Moby's done a lot of ambient music in his career, to put it mildly. In recent years, he's put out two multi-hour-spanning Long Ambient albums (the second of which debuted on the Calm app), and a Live Ambients album of improvised, unedited ambient compositions; his second ever album was entitled Ambient; and from Everything Is Wrong onwards, many of his albums came with bonus discs of either original ambient songs, or ambient remixes of tracks from the main record. Everything Is Wrong had Underwater, Animal Rights had Little Idiot, Wait For Me had its ambient alternative namesake, and as such, so did Hotel, whose ambient cousin is where 'Chord Sounds' hails from.

At around the same time it was released as part of Hotel Ambient, 'Chord Sounds' - alongside several other tracks from the album, including 'Snowball', 'Blue Paper', 'Overland', 'Live Forever', and 'Aerial' - were used in tandem with the five original compositions Moby created for his score to Richard Kelly's Southland Tales, with some of those five only appearing in the extended Cannes Cut, which most people will have only begun to see nowadays with the advent of Arrow Video's 2021 Blu-ray release of both cuts of the film. (This isn't an affiliate link or anything, I just really like Southland Tales, and Arrow Video especially so, who are like the Criterion Collection, but much less expensive, and dedicated to the kind of cult classics, trashy horrors, and forgotten gems Criterion might overlook. 88 Films, 101 Films, Powerhouse Films/Indicator, Eureka!/Masters of Cinema, and Second Sight also all do great work on the physical home media front, all of which makes this film collector very happy.)

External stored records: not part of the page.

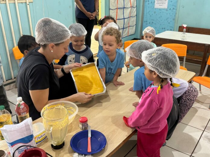 Este é o terceiro ano em que a EMEI realiza a oficina com todos os alunos. Para o grupo 1, a professora preparou um bolo de cenoura sem leite e ovos, com cobertura de chocolate 100% cacau. Os outros grupos confeccionaram cookies de banana com aveia. Os alunos puderam observar em tempo real o processo de preparação dos cookies e ajudaram a moldá-los, utilizando aveia.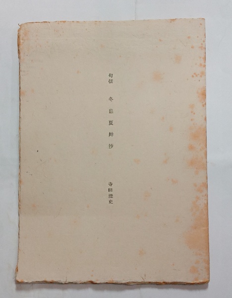 • 解説 神尾筑馬刊。限定3部。「舟蕃舎他彼此」(葉書大の通信)1~5(昭51)を貼ったもの。和紙未綴じ装。巻頭に毛筆句入。表紙に少し浮染。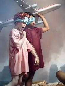The painting has been noted for its academic style, inspired both by Jacques-Louis David and William Bouguereau, and for its highly symbolic content, said to express the cycle of denial and tragedy. It has been compared and contrasted with Pablo Picasso's Guernica and Théodore Géricault's The Raft of the Medusa, both comments on catastrophes. A review in The New York Times summarized that "Mr. Parrish has a fine arsenal of talent and ideas, but this particular work comes off as overly staged, showy and annoyingly melodramatic, the clichéd pomp and classical symbolism drowning out a gentler, more compassionate spirit."[3] James Panero, writing in The New Criterion, believed "The cycle of terror and tragedy: September 11, 2001," is a pretty good painting that manages to be monumentally terrible."[4] In response, Aimee Pozorski wrote that "In fact, it is true that what Parrish has created is a lovely and symmetrical allegory: The twin bodies--strong, virile, and painted as if part of a Botticelli painting--are also allegories for the virile twin towers about to fall. The children holding planes represent the loss of innocence of an entire nation."[5]
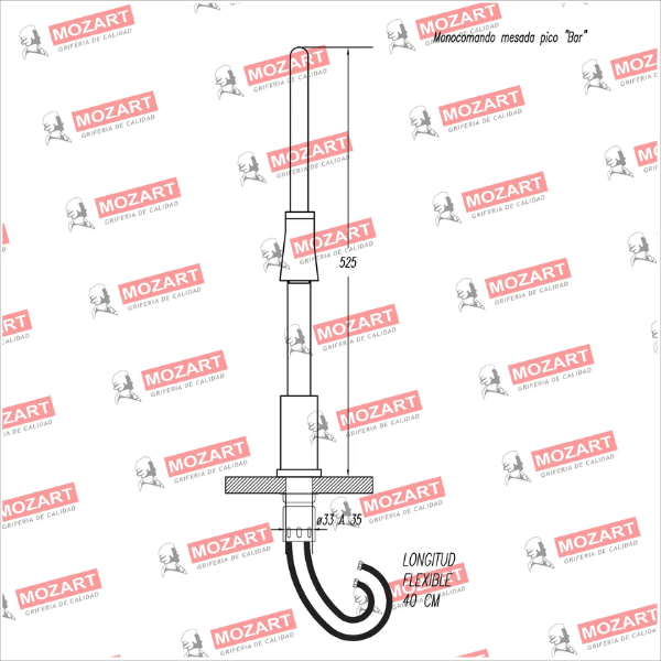 MOZART 9921 DALLAS MONOCOMANDO MESADA C/PICO FLEX CONO ROJO

'Chord Sounds' makes its way onto this list by virtue of its freeform repetitious structure, the long, dreamy chords never resolving, but always looping back in a seamless ouroboros loop, while deep subtle bass notes, and slightly phased and muted percussive synths anchor the ambience with a sense of slow but steady movement, as the main refrain ebbs and flows in blissful intensity, never once breaking the zen of it all.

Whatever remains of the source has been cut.